Provided material Block Start
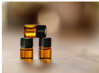
BESTELLUNG OHNE KUNDENKONTO

Es gibt unterschiedliche Wege zu starten. Bis auf sehr wenige spezielle Themen, lohnt es sich immer mit einem Starter-Set zu beginnen.
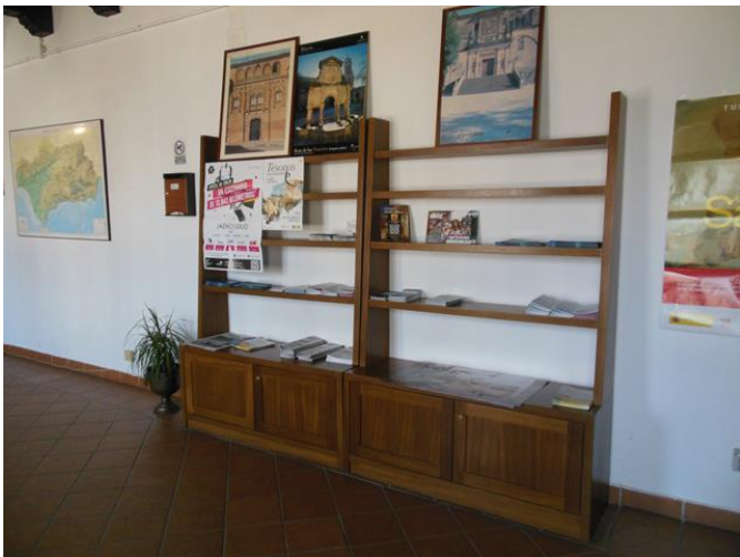
Estanterías con folletos
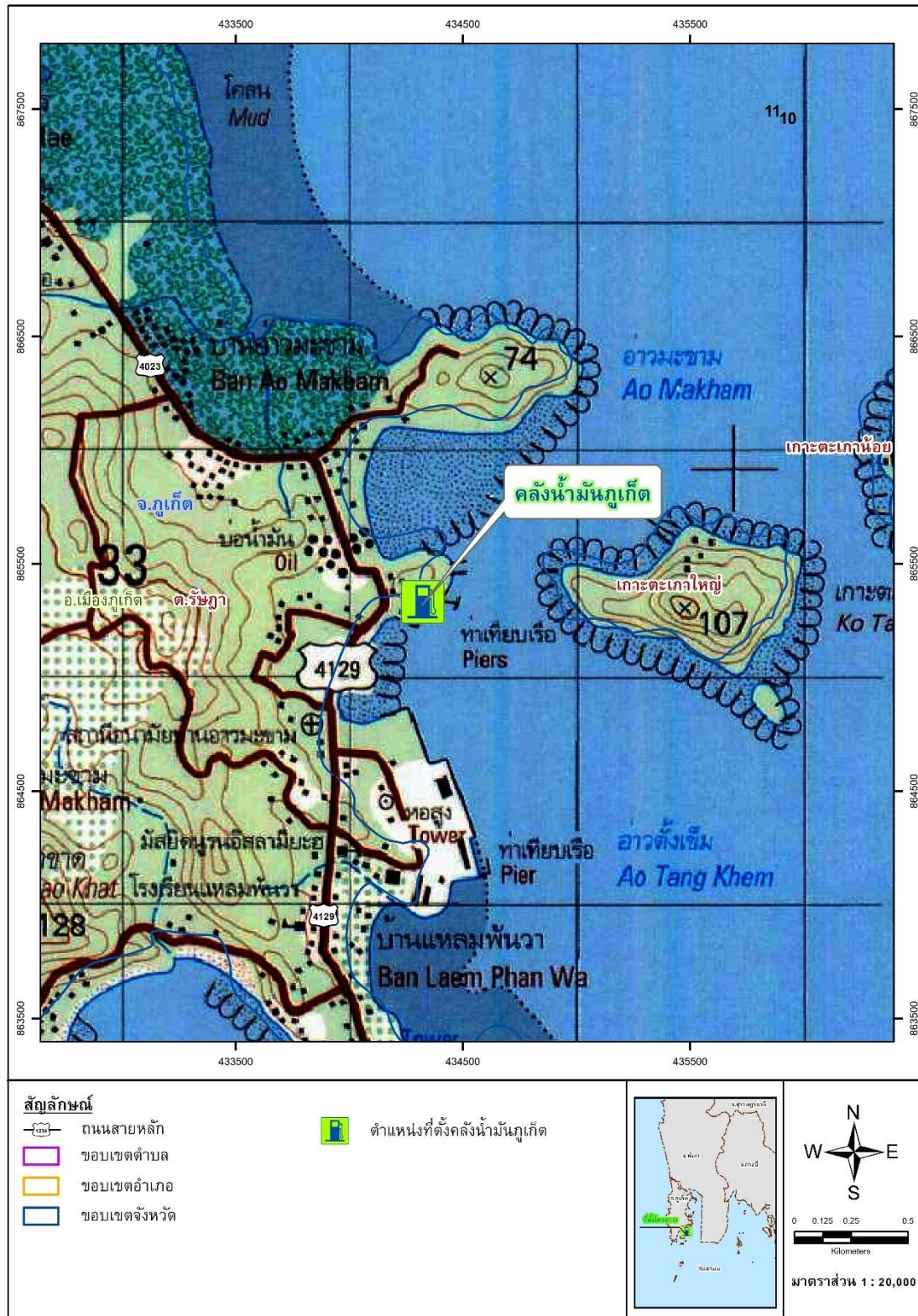
รูปที่ 1.1-1 ตำแหน่งที่ตั้งโครงการทำเทียบเรือและคลังน้ำมันภูเก็ต
Provided material Block End
Instructions for the task: Without the pictures, repeat exactly the lines running from the line containing "Es gibt unterschiedliche" through the end of the data, both ends included.

Result of the task:
Es gibt unterschiedliche Wege zu starten. Bis auf sehr wenige spezielle Themen, lohnt es sich immer mit einem Starter-Set zu beginnen.
Estanterías con folletos
รูปที่ 1.1-1 ตำแหน่งที่ตั้งโครงการทำเทียบเรือและคลังน้ำมันภูเก็ต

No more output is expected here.